Lily was a firm believer in the healing power of fresh air. It was a bit of a joke among those who knew her well; she was a very rational, sensible type; if you were a muggle, you'd call her scientific. And there was no real rationale behind her ideas on air, although she could fake it very well, rattling off well-structured arguments that, once you dissected them, made no sense - but she had already run along. She knew there was no good reason; she just knew she loved it. When out sledding, she'd flop on the sled face-first and fly down the hill, the air battering her face and tearing her shrieks of delight away in the wind. She'd come back with a rosy-cheeked grin, covered in snow. In the spring, her window would always be open, the sun kissed air of flowers or the wet, clean air of a rainstorm suffusing her room. After a bout with the 'flu, she didn't feel truly well until she left the choking warm air of Madame Pomfrey's sickroom, air that smelled, to her, of other sick children and of remedies that only made one mobile, but didn't fully cure - and walked the grounds wrapped in a wool robe, the chill autumn breeze whipping rusty leaves into her hair, life coming back into her with every cool breath she took. Even in a thestral- drawn carriage, she'd open the window and lean out, like the family dog, eyes squinted shut and mouth half-open, red hair snapping behind, in a hopeless tangle by the time they got to dinner.

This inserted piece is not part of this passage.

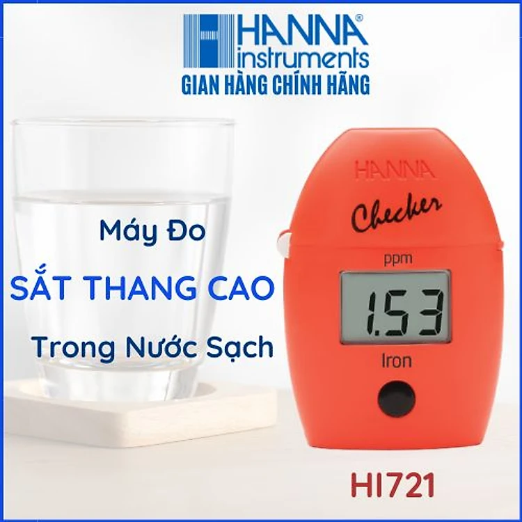 Máy Đo Nhanh Hàm Lượng SẮT Trong Nước Sạch Và Thủy Sản Nước Ngọt - Hanna - Checker HI721, tặng kèm đầy đủ phụ kiện cho 6 lần đo, bảo hành chính hãng, chỉ cần mua thêm bột thử để tiếp tục đo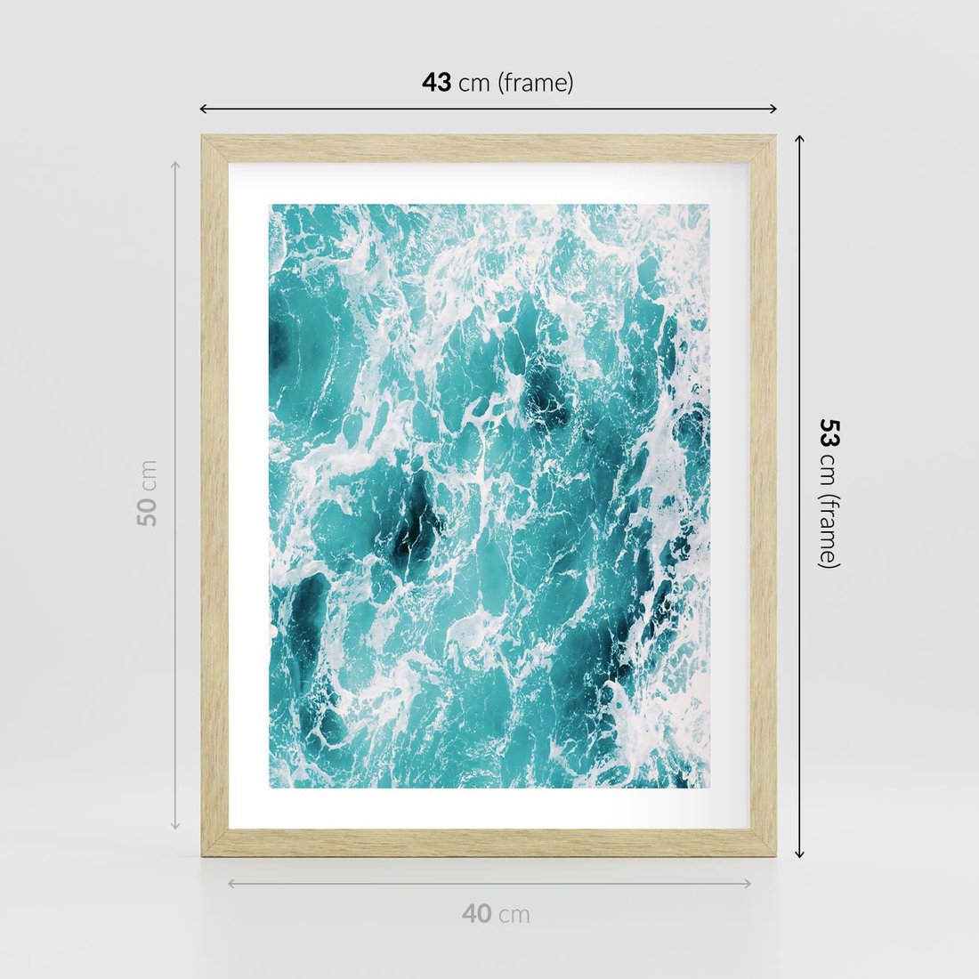 Plakat w ramie 40x50 - Wzburzony Ocean: Widok Z Góry - wzburzony ocean, błękitna woda - rama drewno

Professor Severus Snape did not like fresh air. His rooms and laboratory were in the dungeons; very clean, very orderly, warm and comfortable, with no windows and no outside air. The chill dank presence of ghosts and the curt gusts caused by the cloak whipping around his legs as he strode through the corridors were the only breezes he tolerated to invade his space. A draft would be sealed with an irritated wand-wave as soon as it made itself felt. At the meals with the staff, he stayed only as long as necessary, frowning at the fresh air that blew in with the jabbering, excited students running in from outside for their meal. He wrapped himself in a cloak and a hat and withdrew into that cocoon at every Quidditch match. It was noticed, of course, and remarked upon - mostly by Gryffindors, but to them it was just another of that greasy git's oddities, another antisocial, batlike, cave-dweller fetish. He didn't care. He knew the image they had of him, and it suited him well. Their mockery was a thin disguise for fear, and he knew and understood fear. It was something he had control over, something he could hold in his hand and mold to his own purposes - instructional, these days. As good as any.

And so they never saw what fresh air was to him; they never understood that subtle difference between his impatient annoyance at their chatty exuberance and the wistful annoyance at the fresh air that gusted through the classroom and rippled the stack of papers on his desk when they piled in for class. They certainly wouldn't know what fresh air held, a flood of memories; the fiery-haired, fiery-tempered woman with the fiery intellect, with her head out of the window of the Hogwart's Express, singing an unidentifiable song into the wind; of sidelong looks at her hanging out of the window of her dorm, high above, grinning into the breeze, while he walked to the lake on a lazy spring day. And they would certainly not know of that silly game that day, the one that turned into a free-for-all game of tag; of running after her until they both collapsed on a grassy hillock, panting, and she turned her lovely smile at him and he...

said nothing.

The next time he saw her, she was wearing that smile at his side. Sometimes, he feels that nothing he said would have made a difference. And sometimes, he knows that he'll never know now. And so, when the spring air comes blowing through the open windows and doors of Hogwart's, drifting through the corridors, laden with the smell of grass and growing things and heartlifting hope, he closes himself into the dungeons, where fresh air never intrudes and he can, for a while, keep regret at bay.